“When I first came here that front garden that goes on to the road was full of very, very high trees. There was just no communication with the local community, there was just a wall of green and the garden was completely wild, so I said ‘what do you want to do with it?’”
Graham lives in a small residential service run by Milestone Trust, a Bristol based charity supporting people with learning disabilities, mental health needs and dementia.
From the outside, the first things you see walking past are the raised vegetable beds in the front garden. Walking through, there are beds of parsnips and potatoes, courgette and cabbage, and a huge crop of strawberries all set to ripen. Graham’s greenhouse houses a sweet smelling tomato plant and a growing bag of cucumber: this is the first year that he has sown from seed.
Home manager Faz explains: “Part of Graham’s heritage is his enthusiasm for growing and eating food that he grows, it comes from his family. His father is a very, very keen gardener, so I think even though he only lived with his family until the age of 16 before he went into residential school and living, it has obviously featured highly.”
When Faz first met Graham five years ago he was doing gardening in college, but it was only once a week for a two hour session. A shake up in policy enabling people to access further education deemed Graham ‘too old’, so that’s when he said: “I want a garden and I want to do gardening.” They built the raised beds using charitable donations, some help from students and Graham himself moved about ten tonnes of soil.
Graham’s garden led to the transformation of cooking and eating at the home. With an abundance of white cabbage leading to nothing but coleslaw, Francine Russell, food consultant and founder of All About Food, was called in to talk residents and staff through using fresh produce in their weekly menu. She was very keen to teach everyone to build on the relationship between bringing produce in and creating meals together. “We would bring things in but we weren’t very creative, so Francine came in and did a big bit of work around nutrition and growing our own food,” explains Faz.
Cooking seems to have been something Graham has done before, because it was his request at a residents’ meeting that started the home’s focus on food. His father mentioned that he used to help in the kitchen, so it is certainly where he feels at home. The variety of meals is influenced by everyone who lives in the home; there are many different tastes and everyone makes suggestions and tries new ideas.
As Faz explains: “We went through cookbooks and there was quite a diverse range of what people wanted to cook. I think we are all influencing each other. ” Since building the vegetable garden, staff and residents have learnt new skills together, choosing, making and reviewing meals as a community. One fellow resident commented that she feels happier since Graham’s garden was built, and one cooking session with Graham showed the high quality of meals they make.

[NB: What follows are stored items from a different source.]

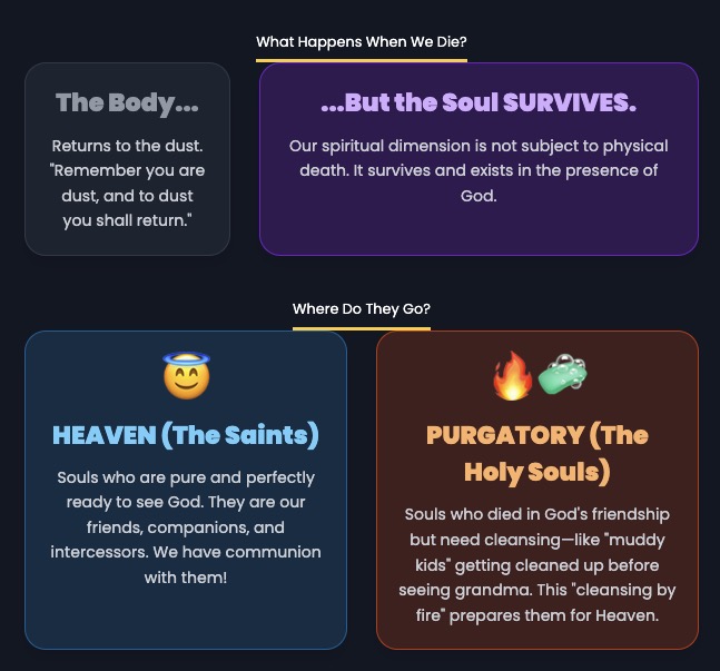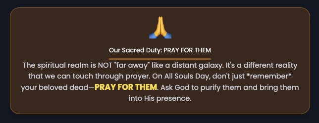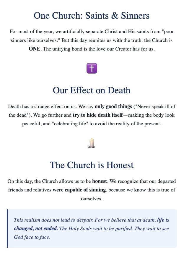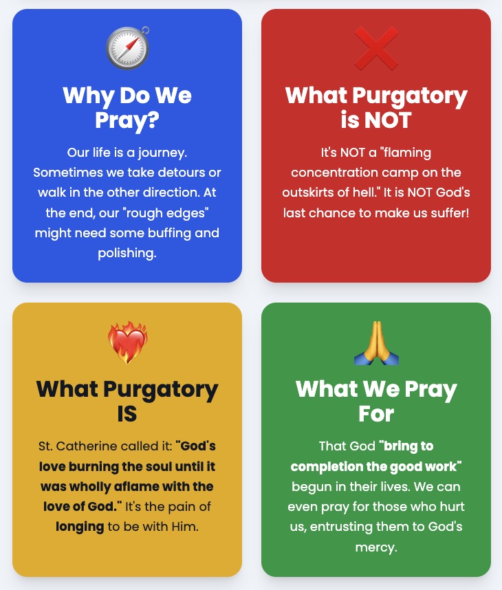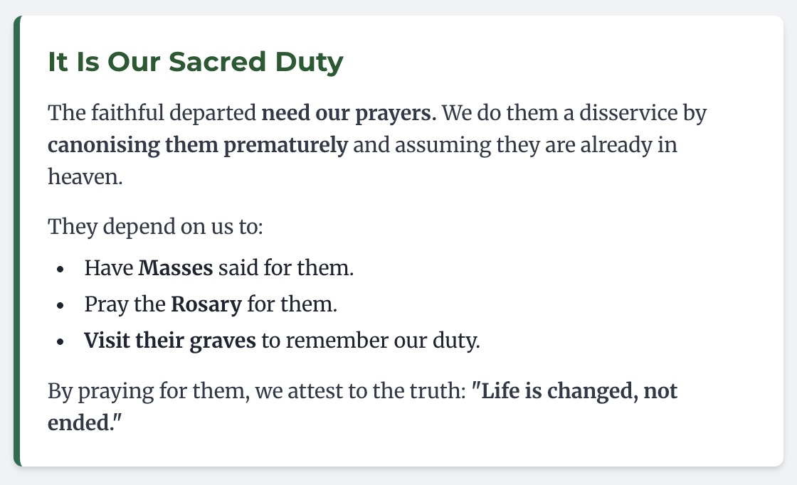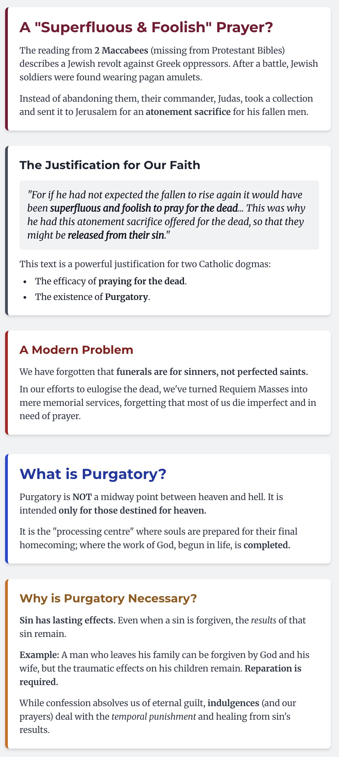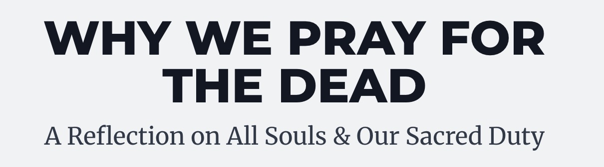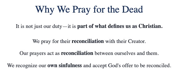 The Books of Maccabees tell us that it is a good thing to pray for the dead. But it is more than just a recommended โgood thing,โ it is our duty! Our duty is to continue to pray for the dead, for the souls in Purgatory, and we do this, because this is what the Holy Spirit has taught us to do. It is a gift of God, to allow us to share in His work in bringing His people to perfection. God wills that we should share in this work through our prayers. And by praying for them, we are attesting to the truth, โlife is changed, not endedโ at death.
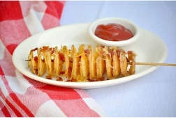 Podávajte špirálové zemiaky na špajdli s obľúbenými dipmi a korením – efektný snack, ktorý poteší deti aj dospelých.
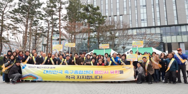 용인시 수지구는 11일 구청 광장에서 대한민국 축구종합센터 유치를 염원하는 홍보 캠페인과 서명운동을 열었다. 수지구 축구협회가 주관한 이날 행사에는 이건한 용인시의회의장, 정춘숙․이우현 민주당 용인 병 지역위원장, 강웅철․황재욱․윤원균․이창식․장정순․윤재영․명지선 시의원과 축구협회…
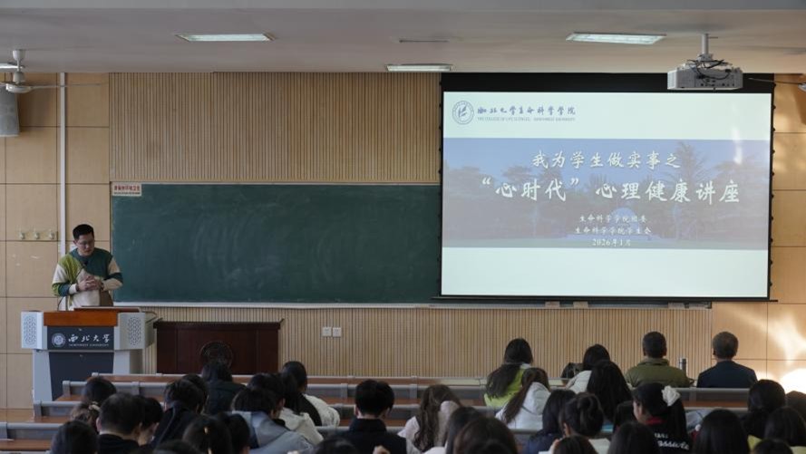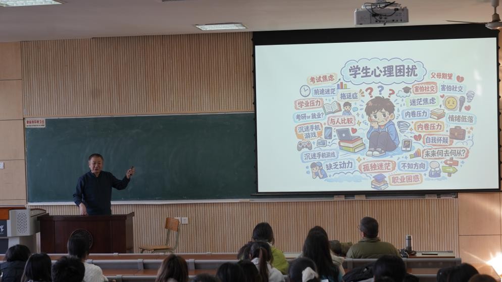 1月12日,于太白校区7307教室,学院邀请龚平原教授给本科生讲授了一场题为《“心时代”心理健康》的讲座,此次讲座由学院团委副书记范铭沁老师主持,学院吴少平教授以及100余名本科生共同参加。讲座围绕学习状态、自我认知、目标确立、心理调适等关键维度展开分享,为初入校园的学子们拨开迷雾,指引前行方向。
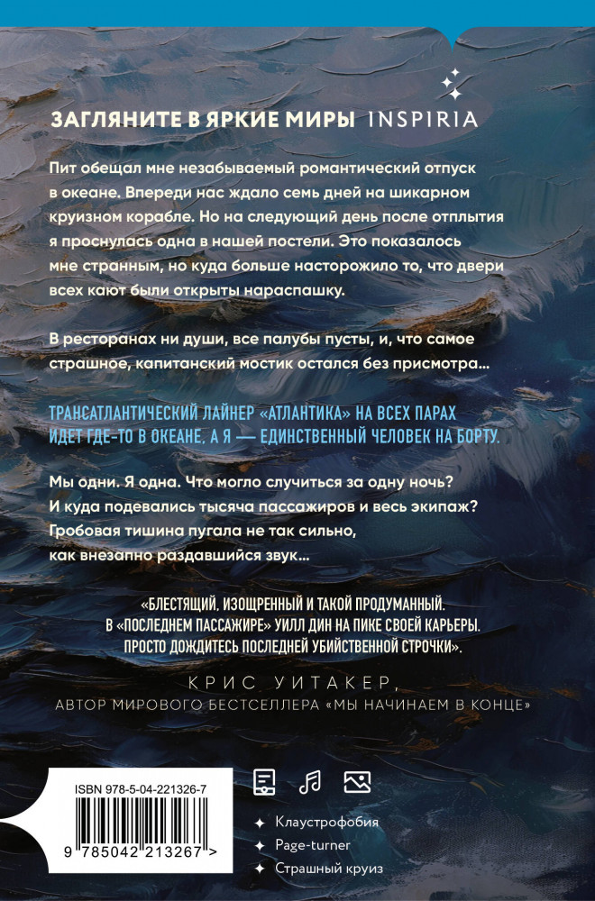 Пит обещал мне незабываемый романтический отпуск в океане. Впереди нас ждало семь дней на шикарном круизном корабле. Но на следующий день после отплытия я проснулась одна в нашей постели. Это показалось мне странным, но куда больше насторожило то, что двери всех кают были открыты нараспашку. В ресторанах ни души, все палубы пусты, и, что самое страшное, капитанский мостик остался без присмотра... Трансатлантический лайнер «Атлантика» на всех парах идет где-то в океане, а я — единственный человек на борту. Мы одни. Я одна. Что могло случится за эту ночь? И куда подевалась тысяча пассажиров и весь экипаж? Гробовая тишина пугала не так сильно, как внезапно раздавшийся звук... |

Here is one of Graham’s favourite recipes, cooked with some of the vegetables he grows:
Hidden Vegetable Sauce
The original recipe was written by Francine Russell who is a food consultant and founder of Bristol based consultancy All About Food. Graham has adapted it to the vegetables he grows – the recipe can be altered according to the fresh produce you have at the time, and can be a base for any healthier dish due to the “hidden vegetables”. As well as a Mediterranean pasta sauce this can be a base for soups or stews, and can be made well in advance and frozen.
2 tablespoons sunflower oil
Spring onions finely chopped
3 stalks celery, chopped
2 red bell peppers, deseeded and chopped
2 courgettes, grated
2 carrots, peeled and grated
1 small butternut squash, peeled and chopped
A large pinch of oregano
4 cans chopped tomatoes
1 bay leaf
- Heat the oil in a large saucepan, over a medium heat.
- Add all chopped and grated vegetables, a large pinch of oregano, and cook slowly with the lid on for 20 minutes, stirring occasionally, until the vegetables are soft but not starting to brown.
- Add 4 cans of tomatoes, 1 cup water, freshly ground pepper and the bay leaf.
- Bring to the boil and simmer for about 30 minutes.
- Take the pan off the heat, spoon out the bay leaf, and let the sauce cool slightly before blitzing with a stick blender.